Para Guayaquil, apenas llegó, era un absoluto extraño; Gustavo se sintió huérfano otra vez. Su relación con esa ciudad comenzó siendo desconfiada; durante las primeras semanas avanzó apenas hasta las esquinas más cercanas. Se contagiaba fácilmente del dialecto guayaquileño, tomaba sigilosamente los primeros tragos, a hurtadillas, en solitario.

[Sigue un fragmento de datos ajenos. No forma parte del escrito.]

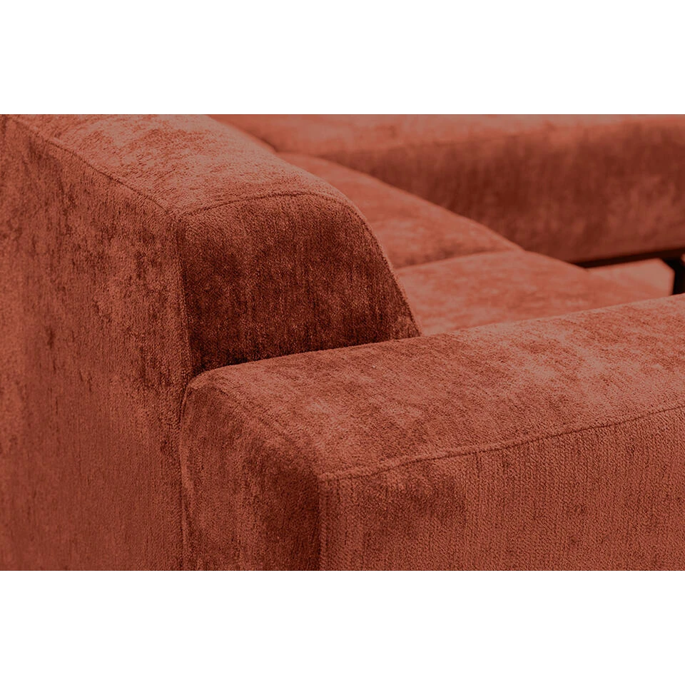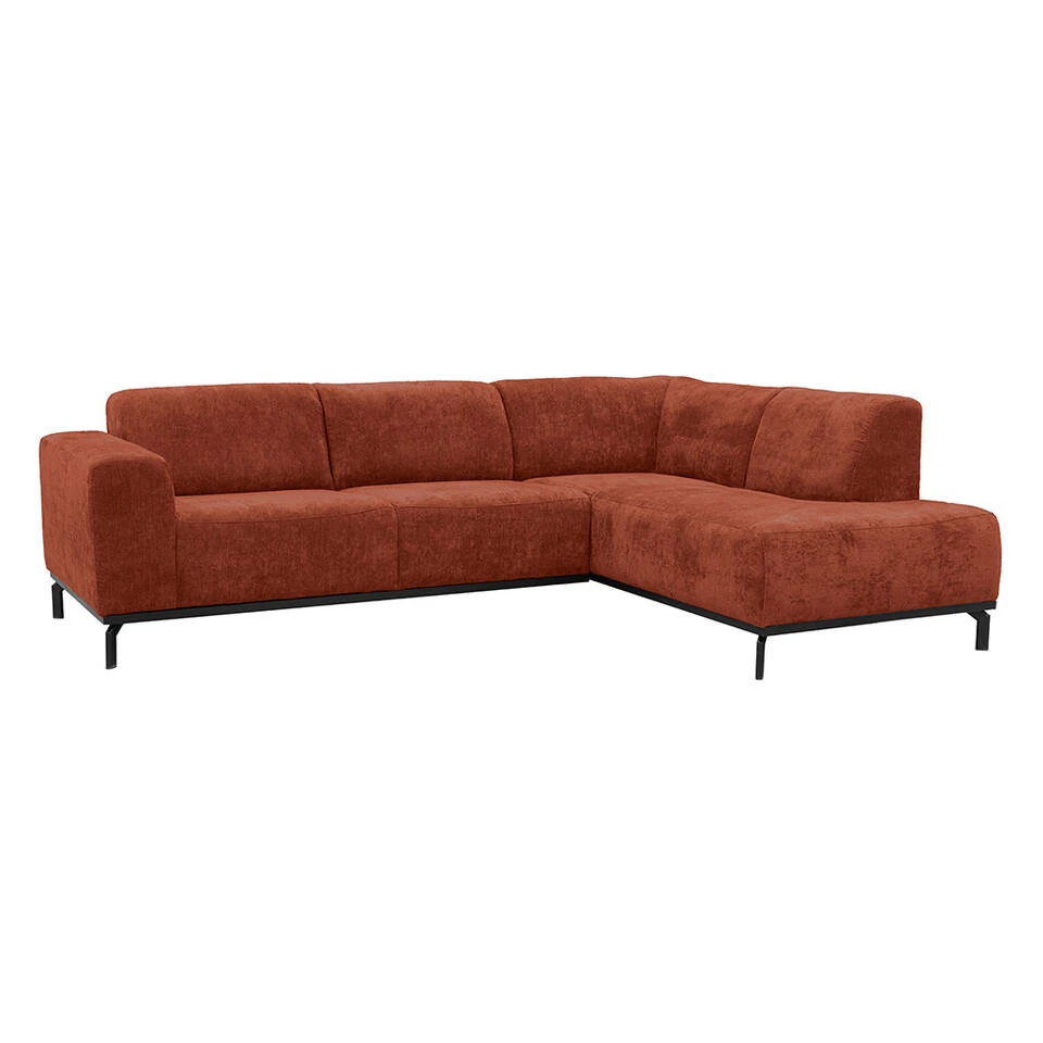 Hoekbank Lola heeft een sfeervolle en moderne uitstraling in een trendy terracottakleurige stof. De bank heeft een hoek aan de rechterkant en is voorzien van slanke metalen poten. Deze ruime hoekbank is perfect voor het hele gezin.ย Als jij houdt van een bank met veel comfort en een moderne uitstraling, dan is deze bank een echte musthave!

Pero eso no podía durar, ya le había llegado el efluvio lujurioso de un trópico escondido, la fragancia de una vida peligrosa y fascinante. Y cierto día salió a caminar, partió del hemiciclo de La Rotonda, siguió a lo largo del bulevar 9 de Octubre, hasta la calle García Moreno y por ésta hasta la 10 de Agosto, siguió a Chimborazo y a San Martín; llegó a Eloy Alfaro, fue a Rocafuerte, tomó por la Colón, dio en Pichincha, siguió hasta Aguirre y por ésta volvió a la Chimborazo; torció por Luque, por Lorenzo de Garaicoa, y estuvo otra vez en la 9 de Octubre. Frente al Tenis Club, empapado en sudor, experimentó la satisfacción de un buen encuentro. La ciudad ya le era menos extraña, la encontró accesible y bullanguera, así es que se apartó del Centro y entró a tomar cerveza fría en un salón. Cuando regresó a mirar al mozo que lo atendía, se encontró con la cara morena, la brillantina y los ojos fieros de Canessa."